DATA PROVIDED: Begin

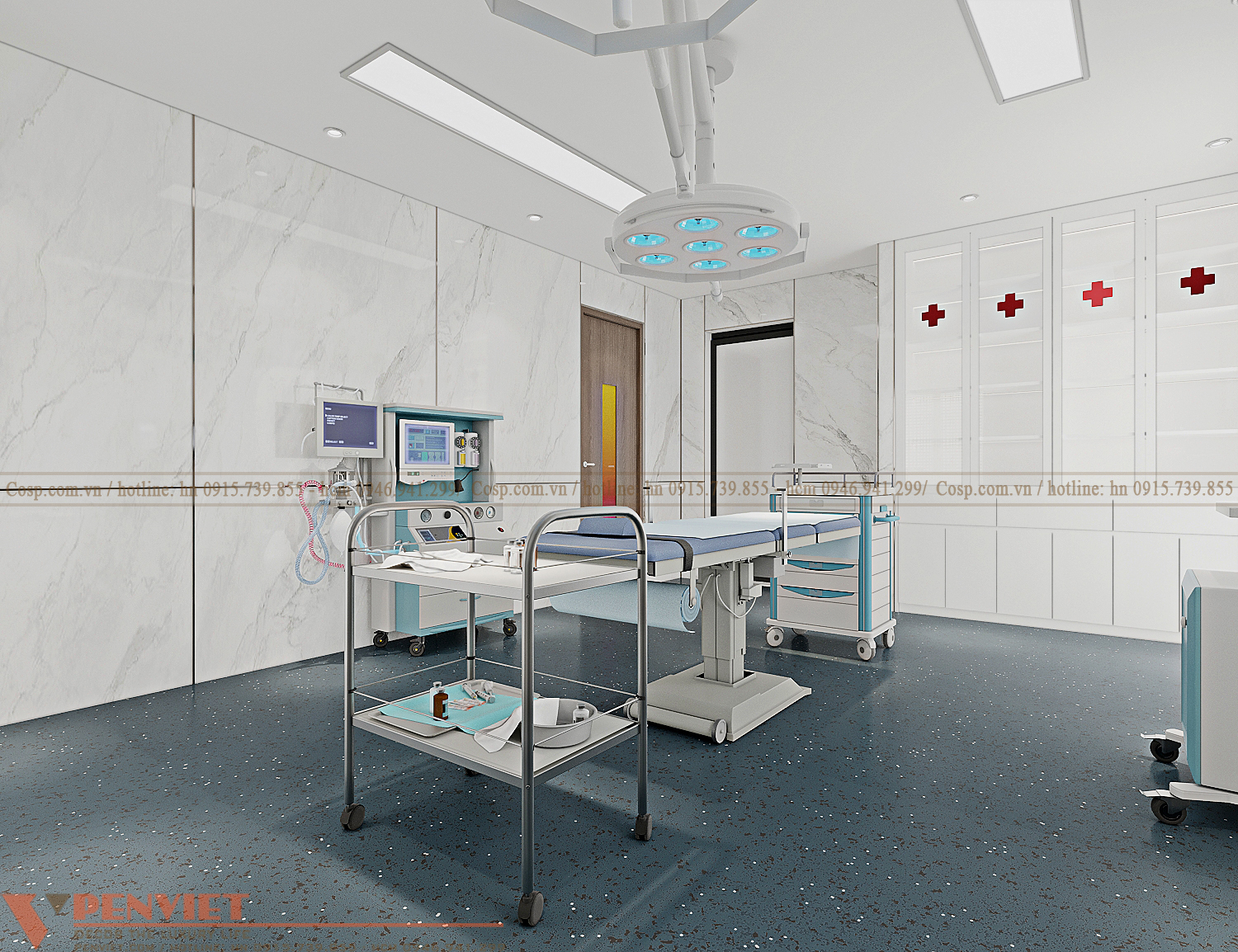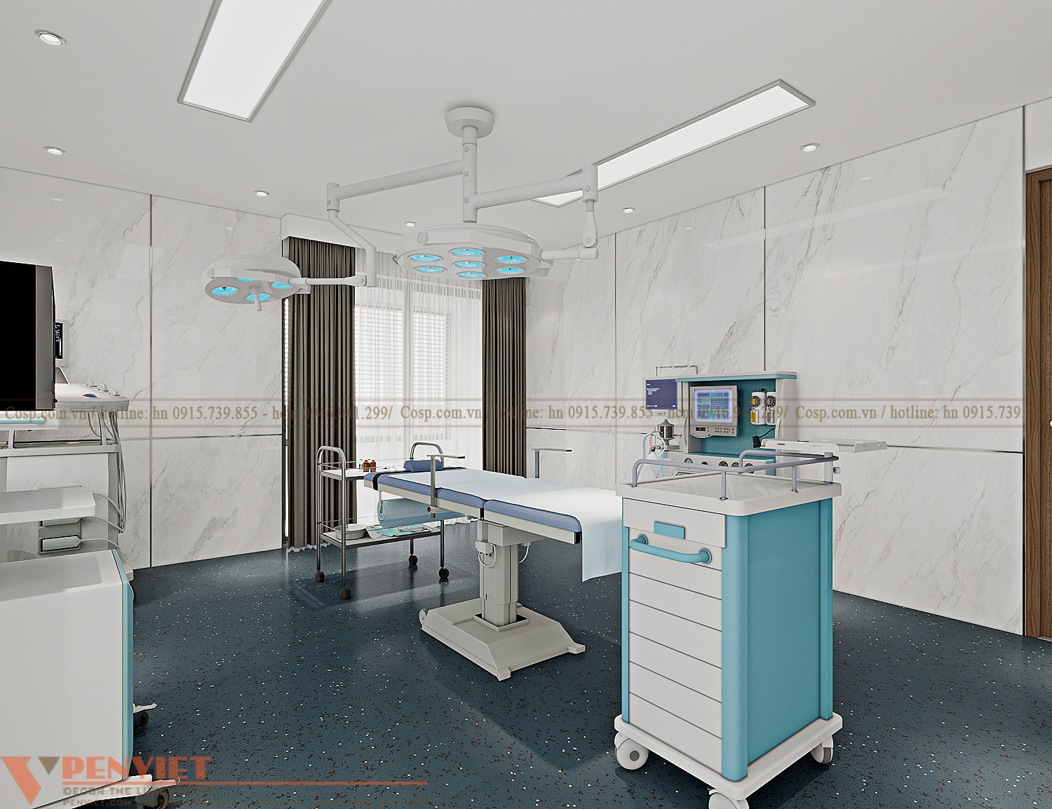 Trong tổng thế thiết kế bệnh viện nhi quốc tế Medgreen, đối với các phòng chức năng thực hiện những dịch vụ can thiệp vào cơ thể đều được thiết kế với những tiêu chuẩn khắt khe. Cụ thể ở phòng phẫu thuật này, chúng tôi vẫn tư vấn khách hàng cải tạo toàn bộ tường nhà bằng việc ốp toàn bộ tấm PVC vân đá. Chất liệu này không chỉ có giá trị thẩm mỹ mà còn đảm bảo yếu tố an toàn vệ sinh.
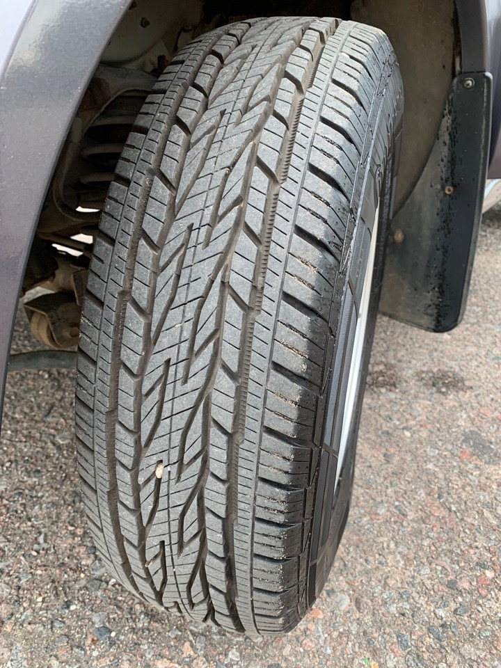 Комплект летней резины ContiCrossContact LX2 205/70R15 на диска Weds, зимней шипованной резины Continental IceContact 2 SUV 207/70R15 на стальных дисках.
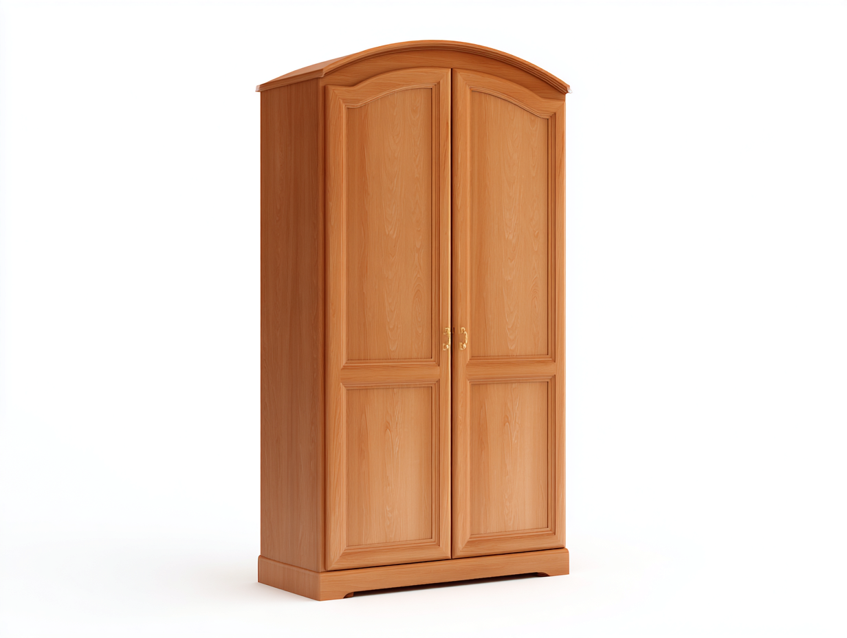 Cette armoire en chêne avec haut cintré apporte une touche traditionnelle et chaleureuse à la chambre.
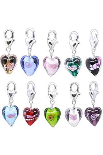 HOUSWEETY 20PC Glass Heart Clip On Charm Fit Link Bracelet
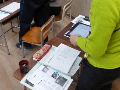 そののち、先生として、カメラ機能を使って拡大提示したいプリントや資料を撮影し教材の作成をしました。
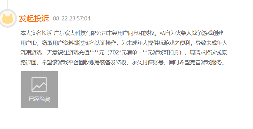 来源/司库财经 作者/文森特 编辑/嘉嘉 日前,中国互联网协会发布《未成年人网络游戏服务消费管理要求》团体标准(征求意见稿),该标准细化了未成年人游戏充值的退费标准,明确了家长和游戏厂商的责任比例。 “虽然是征求意见稿,对未成年人和游戏厂商来说都是一种保护”,一位游戏行业从业者表示,该份征求意见稿既强调了厂商的义务,也提及家长同样具有看护未成年人的义务。 其实游戏同烟草、酒精、赌博一样具有成瘾性,但值得注意的是:虽然早前监管部门出台很多防止未成年人上瘾的措施,但很多厂商依旧会通过各种方式,诱导未成年人充值消费。 【1】应付监管,防上瘾功能形同虚设 “我家孩子打游戏打到凌晨两点,然后再写作业”,一位初中家长向司库财经抱怨孩子处于叛逆期,游戏严重上瘾,“在游戏中他有成就感,他们充完钱都会截图分享在同学群里。” 类似的现象并非少数,据Mob Data研究院统计显示:游戏玩家中,未成年人占比11.8%,并且未成年群体花在游戏上的时间显著高于其他玩家群体。 为防止未成年人沉迷游戏,监管部门多次出击: 2019年11月,国家新闻出版署发布《关于防止未成年人沉迷网络游戏的通知》; 2021年6月,正式印发《国务院未成年人保护工作领导小组关于加强未成年人保护工作的意见》。 2023年12月底,国家新闻出版署发布《网络游戏管理办法(草案征求意见稿)》,明确规定:游戏不得设置每日登录、首次充值、连续充值等诱导性奖励要求游戏厂商。 监管强压下,包括三七互娱、网易游戏等大厂,都会设置游戏使用时间、身份识别认证等方式防止未成年人沉迷游戏。但在家长看来,很多游戏厂商只是表面应付了事,并没有实质性的举措。 以233乐园为例,据司库财经了解,233乐园为游戏应用平台,平台上有大量游戏应用,消费者通过233乐园进入游戏时,只是通过授权过的手机账号登录。也就是说,未成年人拿着爷爷、奶奶的手机登录233乐园玩游戏,平台会默认为玩游戏的是成年人。 其实这样的现象并不少见,不仅是渠道服,连游戏厂商也会将未成年人认证模糊化。 早在2021年,欢太科技宣称推出防沉迷实名认证系统,平台所有用户都要完成姓名全称+身份证号码的实名认证,并经过国家实名认证系统校验通过后才可进入游戏。同时建立了“AI识别算法模型”,用以判断账号是否为疑似未成年人。 但在2022年8月,有家长在黑猫投诉上投诉,称欢太科技未经用户同意和授权,私自为火柴人战争游戏创建用户ID,窃取用户资料跳过实名认证操作,为未成年人提供玩游戏之便利,导致未成年人沉迷游戏,无意识往游戏充值。 ![]() (来源:黑猫投诉app) “未成年人防沉迷就是一个伪命题,像三七互娱说未成年用户占比不足百分之一,但很多未成年人都是用爷爷奶奶的手机玩,根本没有什么效果,孩子还是该玩玩”,一位游戏行业从业者表示,三七互娱、世纪华通等厂商,都在通过数据上宣传未成年人防沉迷工作做的如何好,但这些公司机制都有很大的漏洞,“这些漏洞媒体都报道过,他们没有改变,不知道是在技术上无能为力去填补,还是无心去填补。” 【2】引诱未成年人充值,退费需自证 “很多游戏平台会引诱未成年人在游戏上充值,少则几百,多则几万甚至是几十万”,一位学生家长向司库财经表示,孩子对金钱没有概念,再加上同学之间的胜负欲、攀比欲,导致很多未成年人背着家长在游戏里充钱。 据北京互联网法院发布《未成年人网络司法保护白皮书》显示:由未成年人非理性消费所引发的游戏、直播充值、打赏退费纠纷案件逐年上升,2023年,北互受理的未成年人起诉某一公司要求退还充值款项的网络服务合同纠纷为43件,而在今年一季度,以该公司为被告的立案申请就高达296件。 而司库财经在黑猫投诉上查询“蛋仔派对”时发现,在一个月内,“蛋仔派对”投诉量达到24392件,其中多数为“未成年人充值退款”、“欺诈引导未成年消费”。 ![]() (来源:黑猫投诉app) “未成年人游戏充值,一是游戏厂商在身份识别未成年方面有漏洞,二是在游戏中推送大量的消费充值信息”,一位媒体老师表示,打开游戏界面,充值信息眼花缭乱。 据了解,目前游戏充值推送信息中,通常都会有新手礼包、限时优惠、消费狂欢、充值返利、超值900%+等项目,更重要的是,玩家在进入游戏、使用道具、过关时,平台会将上述的优惠充值信息推送给玩家。 “一开始只是小额,为的就是让你养成充值玩游戏的习惯”,一位成年玩家表示,甭说对没有金钱概念的未成年人,就连成年人都逃脱不了优惠充值信息的引诱。 在今年四月份,有媒体报道,因为蛋仔派对中有充值抽盲盒的环节,一名7岁男童因为抽盲盒好玩,便在蛋仔派对中充值40多次,金额为2045元。 其实引诱玩家充值是游戏公司的常规套路,为此甚至没有“遵循规则”。前不久,一位父亲因为孩子充值“蛋仔派对”一万元,扇自己耳光的视频引发争议。据该名父亲介绍,9岁孩子在第一次充值6000元后,随后再向蛋仔派对多次充值时,平台显示均为免密支付。 除了支付时不需要身份认证外,未成年人游戏充值也存在难退款的问题: 一是游戏平台不设定退款选项。有用户在黑猫投诉上投诉,三七互娱旗下寻道大千游戏,有未成年人退款选项却无法选择订单,摆明了运营方不允许退款。 二是需要自证清白。很多平台退款时都需要证明“游戏充值是
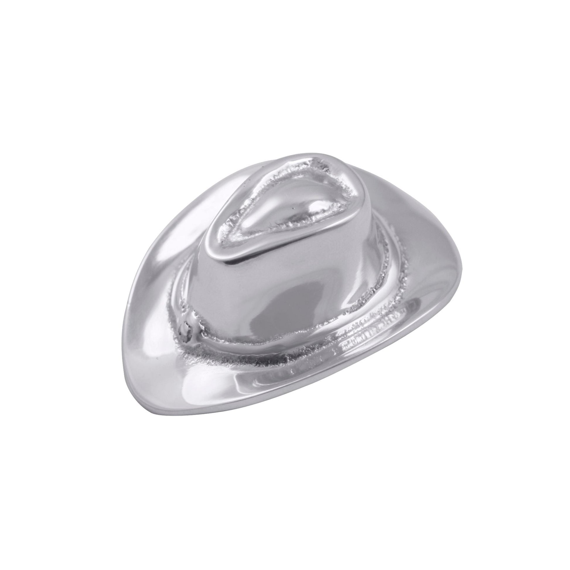 The Cowboy hat-shaped weight, crafted with intricate detail, adds a playful touch to your Western-themed gatherings or everyday décor. Whether you're hosting a rodeo-inspired event or sprucing up your kitchen, this napkin weight delivers a fun dash of Wild West style! Handcrafted from 100% recycled aluminum.
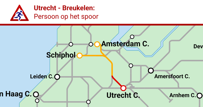 Er is een storing op het traject Utrecht - Breukelen door een persoon op het spoor. Deze storing begon op 19 oktober 2025 om 19:31.
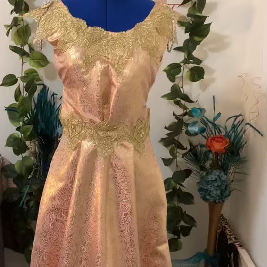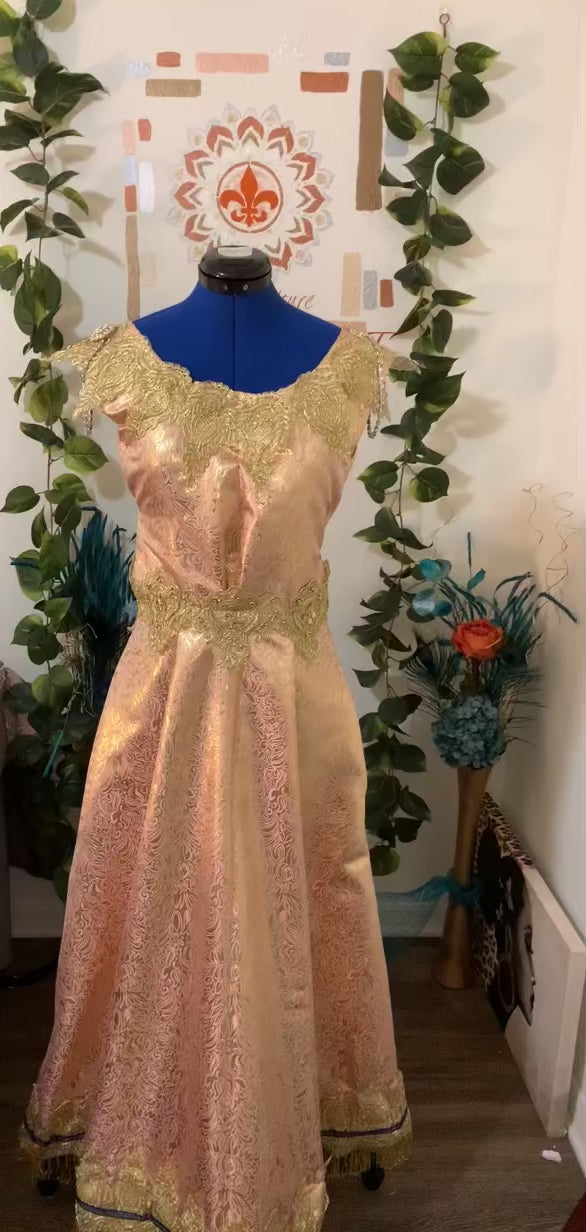 🧵🪡HANDMADE- Very Classy and Pretty high quality Silk Brocade Dress. Mid-weight not too heavy or too thin. Great for all occasions.
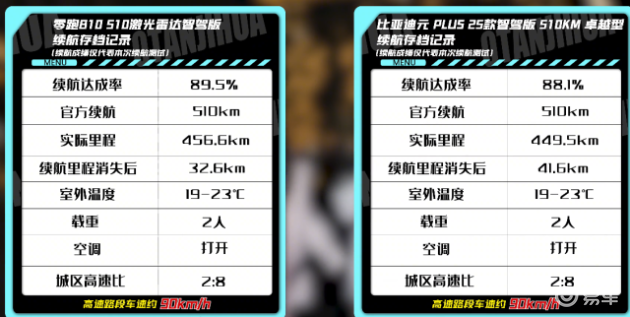 目前,零跑B10在紧凑级纯电动SUV市场表现非常抢眼,即使在8月份这样的销售淡季,仍售出6926辆,6月份更高达14312辆。零跑B10的热销自然引起了很多关注,许多第三方媒体对其进行了测试和评估。例如,有媒体对零跑B10和比亚迪元PLUS进行了续航对比测试。零跑B10 510激光雷达版标称续航510公里,实际测试中行驶了456公里,续航达成率为89.5%。测试条件为室外温度19-23摄氏度,两人乘坐,空调开启,城区高速比2:8,高速平均速度90公里/小时。相比之下,搭载刀片电池的比亚迪元PLUS续航达成率为88.1%。

DATA PROVIDED: End

When copying from the data above, begin at the line containing "HOUSWEETY 20PC Glass" and end at the line containing "そののち、先生として、カメラ"; return those lines exactly and leave all pictures behind.

 HOUSWEETY 20PC Glass Heart Clip On Charm Fit Link Bracelet
 そののち、先生として、カメラ機能を使って拡大提示したいプリントや資料を撮影し教材の作成をしました。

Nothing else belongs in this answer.